Alternatively, the GSEA, which is based on a modified Kolmogorov–Smirnov test, compares distributions of p values for genes in a pathway with the rest of the genes, and makes use of the continuous information in the p values (Subramanian et al.2005). GSEA has been successfully applied to identify the IL-12/IL-23 pathway that is significantly related to Crohn's disease (Wang et al.2009). We applied GSEA to analyse the schizophrenia GAIN dataset and found several significant pathways that are related to apoptosis, inflammation, and the immune system (e.g. TNFR1 pathway, TGFβ pathway, TOB1 pathway). This result supports the recent finding implicating the immune system (e.g. MHC region on chromosome 6) in schizophrenia by the ISC GWAS dataset as well as its combined analysis with MGS and SGENE GWAS datasets (Purcell et al.2009; Shi et al.2009; Stefansson et al.2009).
To test hypothesis 2, we first generated permutation datasets by randomizing the labels of cases/controls in the original GWAS dataset and then computed p values of each random set using the same method as in the real dataset. When the sample labels are randomized, SNP genotypes in the permutation datasets are independent of the diseases status, while the genomic structures between markers [e.g. the linkage disequilibrium (LD) structure] are maintained. Therefore, pathway analysis based on permuting sample labels accounts for LD patterns in the markers. An empirical p value on whether a pathway is significantly associated with the disease is then estimated in the same way as in O'Dushlaine et al. (2010), Wang et al. (2009) and our results above (Jia et al.2010).
We next computed the power of GSEA, hypergeometric test, and SRT in identifying disease-associated gene sets. Random gene sets were generated using the GAIN GWAS dataset by considering three factors: cut-off threshold of association p value, proportion of disease-associated genes in a gene set, and size of gene set. Three cut-off p values (denoted as C) were used to define disease association: 0.05, 0.01, and 0.001. We set gene set size (denoted as S) to be 30, 50 or 100 and proportion of disease-associated genes (denoted as R) to be 50% or 30%. As a result, a total of 18 random gene-set scenarios were available for each test (GSEA, hypergeometric, SRT) (see Table 2). In each scenario, to generate a random gene set with parameters C, S and R, we randomly selected S×R genes from those genes whose association p values were smaller than C and randomly selected S×(1 – R) genes from those genes whose association p values were greater than or equal to C. One hundred gene sets (i.e. 100 repeats) were generated in each random gene-set scenario and then pathway enrichment tests were performed using 1000 permutations by swapping sample labels in the original GWAS dataset. For each method, we estimated power of the tests at 0.05 significance level (α=0.05) by computing the proportion of gene sets with p values <0.05. Table 2 summarizes the power analysis results. All three methods had improved power when gene-set size was increased, when the strength of association for markers in the gene set was increased (decreased cut-off p value for selecting disease-associated markers), or when the proportion of disease-associated genes/SNPs increased (50% vs. 30%). For gene sets consisting of markers moderately associated (cut-off p value for selecting disease-associated genes=0.01) or highly associated (cut-off p value=0.001) with disease, among all tests, the hypergeometric test performed best with the highest power. On the other hand, for gene sets consisting of markers weakly associated with disease (cut-off p value=0.05), all three methods lacked power. Of note, in our power analysis we used similar parameters to Dinu et al. (2007). In realistic conditions, association signals might not be as strong as in this power analysis, especially in some complex diseases or traits such as schizophrenia.

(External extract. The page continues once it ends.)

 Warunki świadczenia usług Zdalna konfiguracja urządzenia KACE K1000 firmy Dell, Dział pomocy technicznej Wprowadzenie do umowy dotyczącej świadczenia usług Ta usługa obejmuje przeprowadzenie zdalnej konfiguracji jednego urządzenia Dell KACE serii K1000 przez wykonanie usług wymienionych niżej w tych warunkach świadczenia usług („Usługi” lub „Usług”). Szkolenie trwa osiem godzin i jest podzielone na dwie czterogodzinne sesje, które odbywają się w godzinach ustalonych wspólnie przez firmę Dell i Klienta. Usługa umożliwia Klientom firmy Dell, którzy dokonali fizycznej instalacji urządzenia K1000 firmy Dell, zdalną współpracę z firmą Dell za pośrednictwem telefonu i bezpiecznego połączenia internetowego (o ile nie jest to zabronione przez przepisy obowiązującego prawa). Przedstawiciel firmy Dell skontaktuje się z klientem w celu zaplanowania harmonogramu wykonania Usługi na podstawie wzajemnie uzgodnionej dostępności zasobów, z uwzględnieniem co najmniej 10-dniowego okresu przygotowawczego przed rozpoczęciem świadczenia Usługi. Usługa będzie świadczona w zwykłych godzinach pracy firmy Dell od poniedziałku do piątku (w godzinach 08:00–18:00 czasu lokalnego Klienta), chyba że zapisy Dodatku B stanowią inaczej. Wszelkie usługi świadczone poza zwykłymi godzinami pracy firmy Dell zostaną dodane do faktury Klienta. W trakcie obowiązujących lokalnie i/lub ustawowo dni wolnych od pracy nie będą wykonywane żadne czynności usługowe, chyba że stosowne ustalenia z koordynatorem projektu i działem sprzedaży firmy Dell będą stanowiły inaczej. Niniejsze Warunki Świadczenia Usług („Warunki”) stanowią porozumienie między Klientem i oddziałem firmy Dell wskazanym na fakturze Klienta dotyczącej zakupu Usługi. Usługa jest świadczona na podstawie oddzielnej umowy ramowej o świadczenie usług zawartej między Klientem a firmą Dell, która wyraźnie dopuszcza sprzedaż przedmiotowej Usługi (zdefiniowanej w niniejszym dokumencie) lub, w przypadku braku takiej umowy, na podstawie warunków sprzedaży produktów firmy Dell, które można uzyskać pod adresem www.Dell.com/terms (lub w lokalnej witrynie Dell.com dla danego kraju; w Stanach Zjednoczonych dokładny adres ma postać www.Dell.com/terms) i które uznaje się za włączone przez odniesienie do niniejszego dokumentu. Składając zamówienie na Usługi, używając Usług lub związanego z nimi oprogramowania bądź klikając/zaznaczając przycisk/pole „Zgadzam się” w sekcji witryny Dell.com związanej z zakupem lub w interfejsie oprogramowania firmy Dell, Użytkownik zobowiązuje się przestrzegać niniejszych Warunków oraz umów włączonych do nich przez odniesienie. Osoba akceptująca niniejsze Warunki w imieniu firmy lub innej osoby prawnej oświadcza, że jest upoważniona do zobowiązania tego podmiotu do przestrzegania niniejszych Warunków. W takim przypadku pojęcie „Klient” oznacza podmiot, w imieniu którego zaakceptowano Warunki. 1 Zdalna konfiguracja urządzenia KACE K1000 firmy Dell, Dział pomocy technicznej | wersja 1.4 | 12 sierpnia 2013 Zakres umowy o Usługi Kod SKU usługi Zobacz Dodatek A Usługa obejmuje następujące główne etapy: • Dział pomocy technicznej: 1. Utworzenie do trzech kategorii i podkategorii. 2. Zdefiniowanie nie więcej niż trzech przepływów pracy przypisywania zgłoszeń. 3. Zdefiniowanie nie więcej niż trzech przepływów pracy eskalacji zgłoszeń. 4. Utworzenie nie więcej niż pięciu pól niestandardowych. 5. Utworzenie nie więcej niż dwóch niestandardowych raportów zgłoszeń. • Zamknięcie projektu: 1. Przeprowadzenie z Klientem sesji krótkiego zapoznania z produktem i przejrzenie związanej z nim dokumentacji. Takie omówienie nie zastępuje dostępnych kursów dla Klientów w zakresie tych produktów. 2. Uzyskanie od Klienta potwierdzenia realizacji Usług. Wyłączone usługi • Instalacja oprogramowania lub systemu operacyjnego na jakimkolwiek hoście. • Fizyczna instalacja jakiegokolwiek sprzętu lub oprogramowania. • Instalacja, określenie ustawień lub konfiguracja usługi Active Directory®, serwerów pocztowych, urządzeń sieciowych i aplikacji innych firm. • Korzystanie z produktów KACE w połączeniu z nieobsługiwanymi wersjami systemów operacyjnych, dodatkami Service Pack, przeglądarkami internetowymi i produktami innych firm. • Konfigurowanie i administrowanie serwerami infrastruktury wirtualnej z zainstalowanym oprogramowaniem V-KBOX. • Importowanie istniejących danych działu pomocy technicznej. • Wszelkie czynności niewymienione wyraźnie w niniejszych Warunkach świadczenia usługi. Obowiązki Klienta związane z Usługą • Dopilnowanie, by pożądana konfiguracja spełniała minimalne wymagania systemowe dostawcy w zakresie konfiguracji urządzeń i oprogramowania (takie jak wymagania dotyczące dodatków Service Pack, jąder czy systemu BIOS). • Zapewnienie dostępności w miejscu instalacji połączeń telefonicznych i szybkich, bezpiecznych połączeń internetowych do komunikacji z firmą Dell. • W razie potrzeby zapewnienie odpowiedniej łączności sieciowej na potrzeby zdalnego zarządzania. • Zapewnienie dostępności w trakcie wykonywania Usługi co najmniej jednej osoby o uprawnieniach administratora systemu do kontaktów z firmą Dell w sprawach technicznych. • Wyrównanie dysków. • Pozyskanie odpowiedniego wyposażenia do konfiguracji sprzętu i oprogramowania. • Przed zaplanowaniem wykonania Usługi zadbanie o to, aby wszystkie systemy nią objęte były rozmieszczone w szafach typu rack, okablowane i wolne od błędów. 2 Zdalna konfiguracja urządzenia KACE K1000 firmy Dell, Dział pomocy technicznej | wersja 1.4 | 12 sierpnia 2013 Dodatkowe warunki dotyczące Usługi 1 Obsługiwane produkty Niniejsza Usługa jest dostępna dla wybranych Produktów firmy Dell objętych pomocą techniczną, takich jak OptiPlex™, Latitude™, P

GSEA, Gene Set Enrichment Analysis; SRT, SNP ratio test; SNP, Single nucleotide polymorphism.
In each power analysis, 100 random gene sets were generated. For hypergeometric test and SRT, p<0.01 was used to define a gene or a SNP as being significant with the disease.
Disease-associated genes were selected by the smallest p values in genes (GSEA and hypergeometric test) or by SNP p values (SRT).
For GSEA, NES⩾0 is also required for a gene set to be significant.
Commentary and recommendations
It is important to note that some additional factors might have also contributed to the discrepancies in these two studies: gene boundaries (20 kb in our analysis vs. 5 kb in O'Dushlaine et al.2010); basic allelic test in our analysis vs. Armitage trend test in O'Dushlaine et al. (2010) ; KEGG+BioCarta pathway annotations in our analysis vs. an older version of KEGG dataset in O'Dushlaine et al. (2010) ; a cut-off p value of 0.01 in our analysis vs. 0.05 in O'Dushlaine et al. (2010) and 10 000 times permutations in our analysis vs. 1000 times in O'Dushlaine et al. (2010). The exact effects of these factors on the results might be complex in each disease case and might vary in different diseases. For example, definition of gene boundary needs to balance the risk of missing important regulatory regions by a narrow gene boundary and the inflation of non-informative markers (i.e. dilution of association signal) by a large gene boundary. As shown in Table 3, when the gene boundary increases, more SNPs located in the gene regions will meet the significance threshold values and those additional SNPs and their corresponding genes would be used in the pathway-based analysis. So far, there has been no standard definition of gene boundary. However, recent studies have suggested 20 kb might be reasonable, as the majority of eQTLs in gene expression studies lay within 20 kb of the genes (Veyrieras et al.2008). Both basic allelic test and Armitage trend test have been used in previous pathway-based analysis of GWAS datasets (Wang et al.2007, 2009) because these two methods do not rely on strong assumptions and are unbiased in most cases compared to other tests, e.g. tests assuming dominant model, recessive mode, or additive model. Furthermore, the cut-off values for hypergeometric test and SRT to define association SNPs need to consider their power (see Table 2). The cut-off p values may also depend on the underlying genetic structure and the disease under investigation. Specifically for psychiatric disorders, which may involve multiple SNPs with each playing a small to moderate role, a cut-off of 0.01 was used in a previous study of bipolar disorder (Holmans et al.2009), as well as in our analysis (Jia et al.2010).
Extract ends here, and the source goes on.